It is easy to ignore a homeless person as you walk past them on the street, but after having one on your phone for three days Depaul UK hopes you will see the complex and varied issues behind youth homelessness.
This free app was created pro bono by Publicis London to raise awareness of Depaul UK, a charity devoted to youth homelessness in the UK.
Three days with a person you cannot swipe away
The mechanism is designed to feel like responsibility, not content. Over three days, the app keeps returning with prompts from a single “virtual homeless person”, pulling you back into their needs and decisions at inconvenient, everyday moments. That works because repeated prompts turn passive sympathy into felt responsibility.
In UK urban life where homelessness is visible but easy to mentally filter out, sustained micro-interruptions, small prompts that arrive during ordinary routines, can create empathy better than one big, easily-dismissed message.
Why it lands
The idea works because it weaponizes time.
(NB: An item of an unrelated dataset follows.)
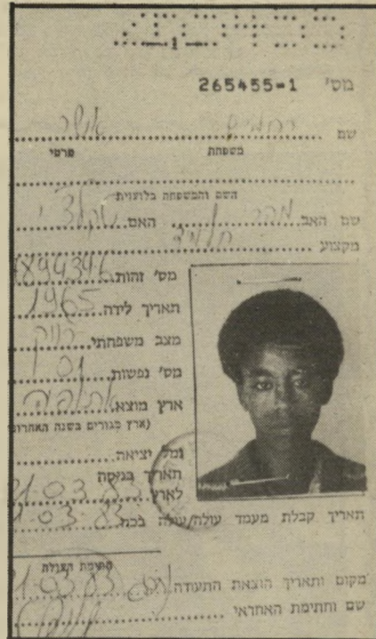
תעודת העולה של רחמים לא לאום, לא דת

אנשים לא מבינים אותנו. בלי שום ספק, לא היה כדאי להם לדבר על העניין של הטבילה. אני משתגע כשאני שומע את הדבר הזה. ליהודי

You do not get a one-minute burst of sadness and a clean exit. You get repeated friction, enough to feel the difference between “seeing” homelessness and “living alongside” it, even in a small way.
Extractable takeaway: If you need real attention for a complex cause, build a short, bounded experience that returns to the user repeatedly, then make the “I did something” step simple and immediate.
What Depaul is really trying to change
The real question is how to make someone feel ongoing responsibility for a problem they usually pass in seconds.
This is fundraising logic disguised as experience design. Depaul is trying to reach people who do not respond to posters and leaflets, and to do it on the device they check constantly. The app turns awareness into a relationship, then uses that relationship to make donating feel like a natural next step.
What cause campaigns can take from iHobo
- Use duration as the persuasion. Three days is long enough to form a habit, short enough to try.
- Design for interruption, not bingeing. Timed prompts beat long videos for sustained attention.
- Keep the user’s role clear. Caring, deciding, responding. Clarity prevents drop-off.
- Bound the experience. A defined end reduces resistance to starting.
A few fast answers before you act
What is iHobo?
A free mobile app created for Depaul UK that asks users to look after a “virtual homeless person” for three days to build awareness of youth homelessness.
What is the core mechanism?
Time-boxed engagement. The app returns with prompts over multiple days, creating repeated contact that is harder to ignore than a single awareness message.
Why three days?
It is long enough to create attachment and repeated friction, but short enough that people will still commit to trying it.
What makes this different from a standard charity film?
It turns passive viewing into ongoing responsibility. The message arrives on your schedule, not the campaign’s.
What is the most reusable lesson for other causes?
If the issue is complex, do not rely on a single emotional peak. Build a short series of small, repeated moments that accumulate into understanding and action.